I got into some really interesting research this week for the last in my Veil Of Time series, because I have been imagining what the USA would look like if the pale invaders had never come and instead stayed in Spain and England or any of those empire builders.

According to the few Native Americans that are left (a staggering 1% of the original population) the effect of the pale invasion was to break the Sacred Hoop, a metaphor for the life of man, beasts, nature, all in balance. A circle happens when outer and inner forces are held in perfect balance. When you look at the world the white man has forged, you have to conclude it is wildly out of balance. You have all the outer force pushing down and nothing inward to resist, which is why we live in the days of the imminent implosion.

Here's a fact: until the Romans came, native British houses were round. In my book series, dealing with both an historical Scottish past and a projected alternate future, all the houses are round. Think, Tipi.

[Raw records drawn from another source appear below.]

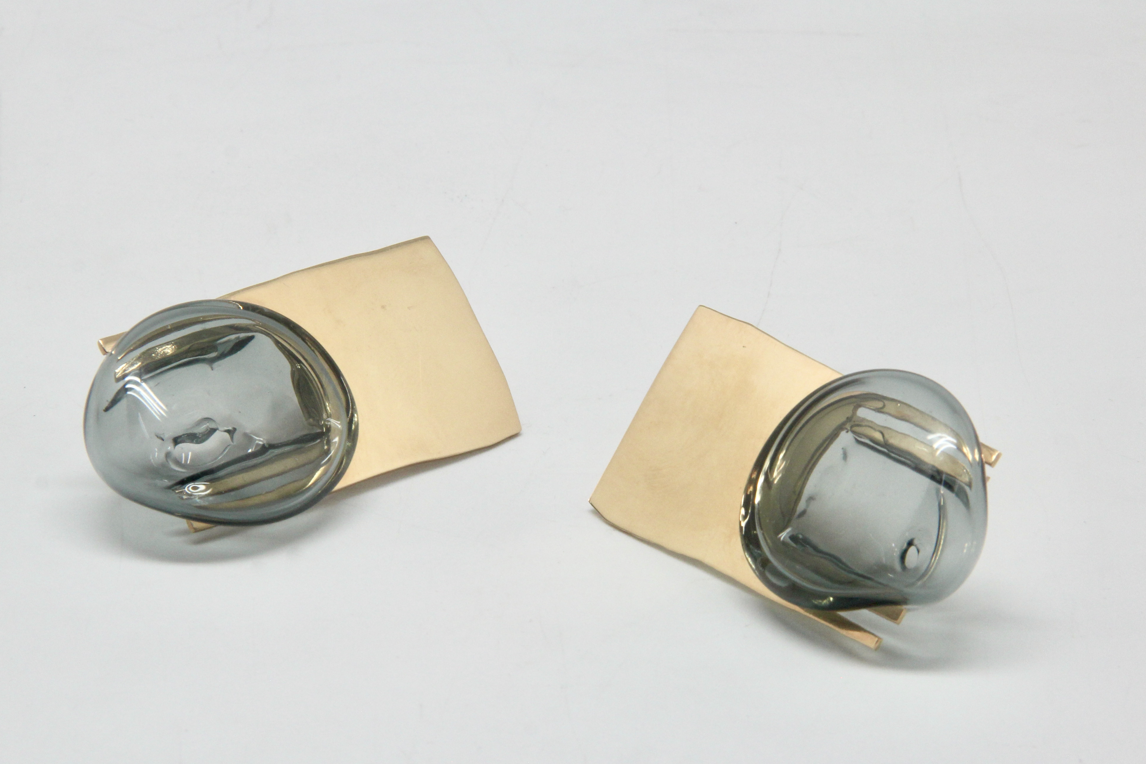 Ogni gioiello nasce da lastre di metallo rifinite a mano sulle quali viene applicato il vetro soffiato attraverso un gioco equilibrato di contrasti tra volumi. Caratteristica unica della collezione è la multifunzionalità: le spille diventano pendenti, gli orecchini diventano spille e così via, con il risultato di avere più gioielli in uno.
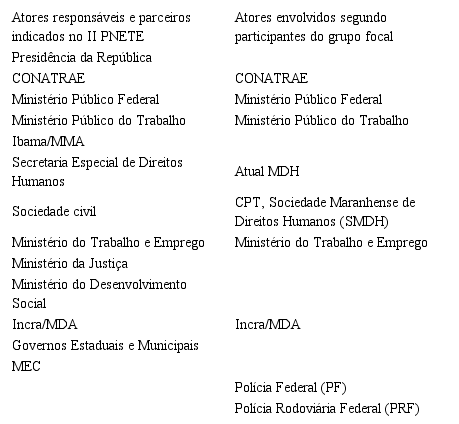 Observa-se que a Presidência da República, Ibama, Ministério da Justiça, Ministério do Desenvolvimento Social não foram mencionados pelos participantes do grupo focal, bem como nenhum governo estadual ou municipal, enquanto a Polícia Federal e a Polícia Rodoviária Federal foram mencionadas, embora não estejam indicadas no II PNETE como atores responsáveis ou parceiros pela execução das ações.
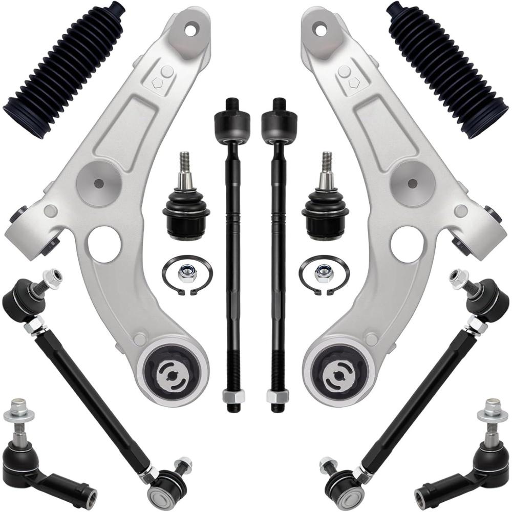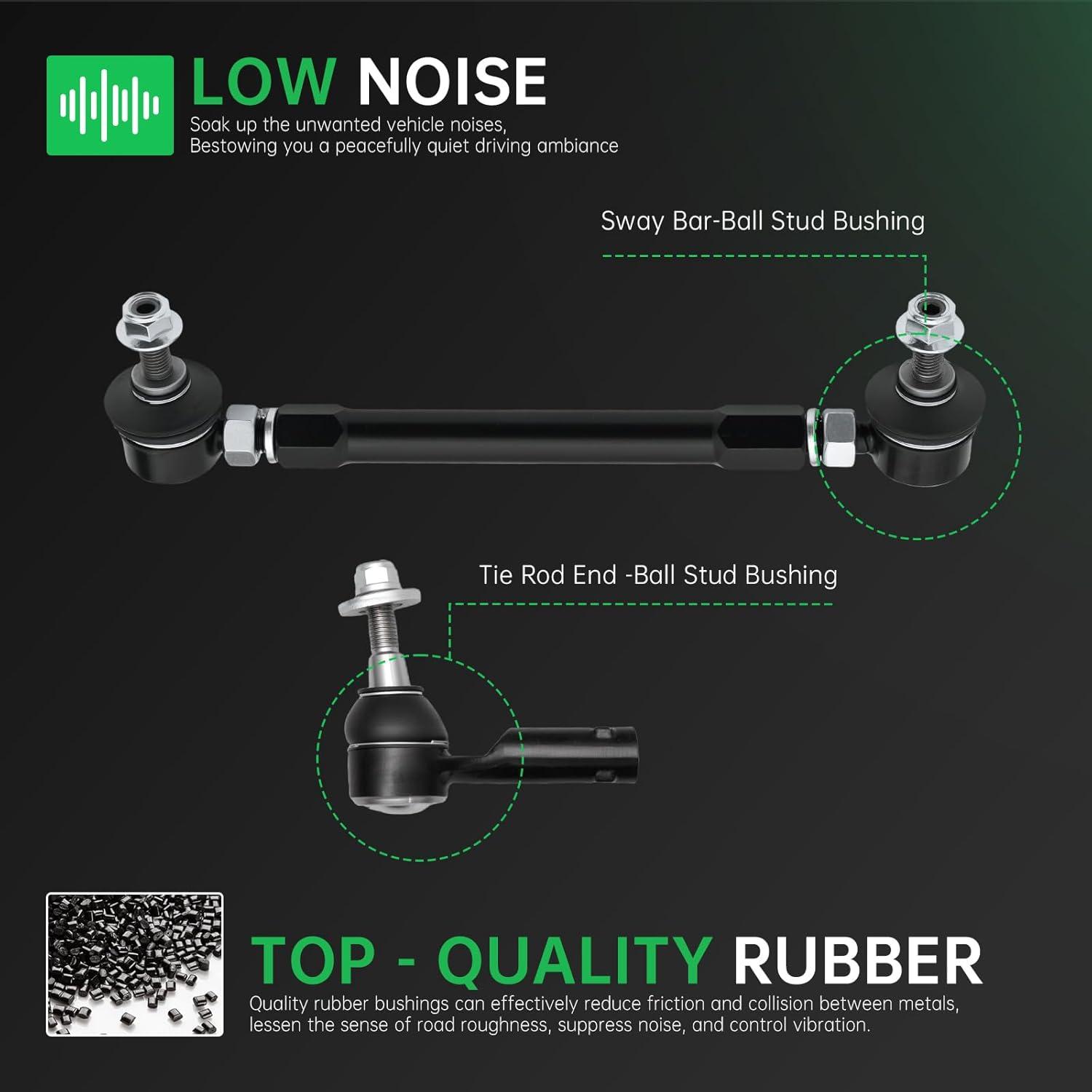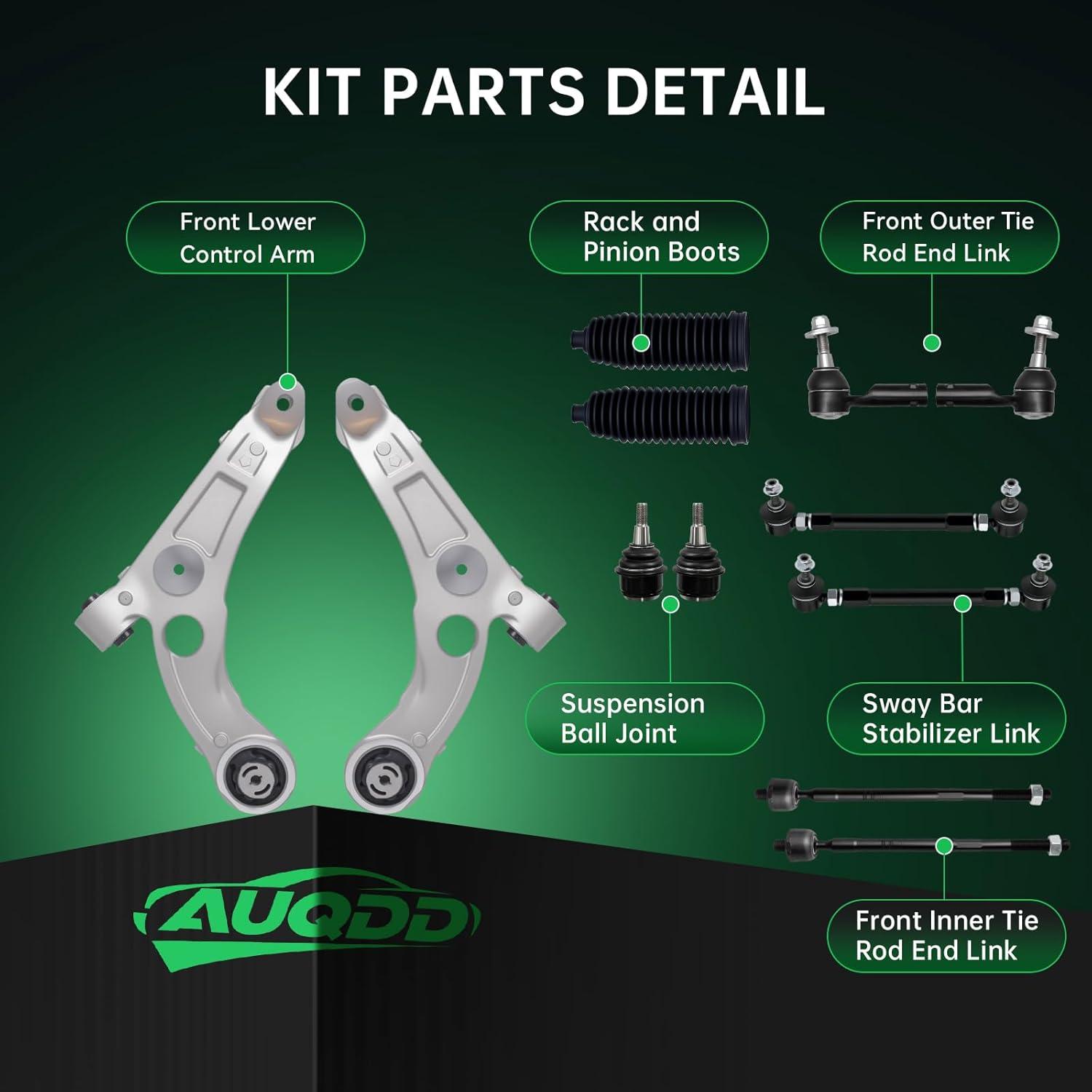 【Suspension Kit Include】 – 2 x Front Lower Control Arms – ( K643179 + K643180 ) Driver & Passenger Side + 2 x Front Outer Tie Rod End Links – ( ES801238 + ES801239 ) + 2 x Front Inner Tie Rod End Links – EV801068 + 2 x Adjustable Front Stabilizer Sway Bar End Links – AJ750704 + 2 x Front Lower Suspension Ball Joints – K500287 + 2 x Rack and Pinion Boots

In Scotland, the church is called the Kirk, which means circle, because the Christians would chase out the pagans and build their own churches within old pagan circles. It was a mark of a psychological shift that the monks brought in rectangular meeting houses. The circle that you see in Celtic Crosses: actually a pagan symbol of wholeness trying to break back in. The circle is one of those archetypes in thought that Jung liked to paint on the inner walls of his circular tower. Native Americans used to say that everything is trying to become round (and they didn't even know that those tiny sparks of light in the night sky were actually spherical planets and stars.) Nature is round and man is square, so goes the idiom.  It is worth noting that woman, the curvy one, is less so.
May the circle be unbroken...because it is in the round that we are at our most whole.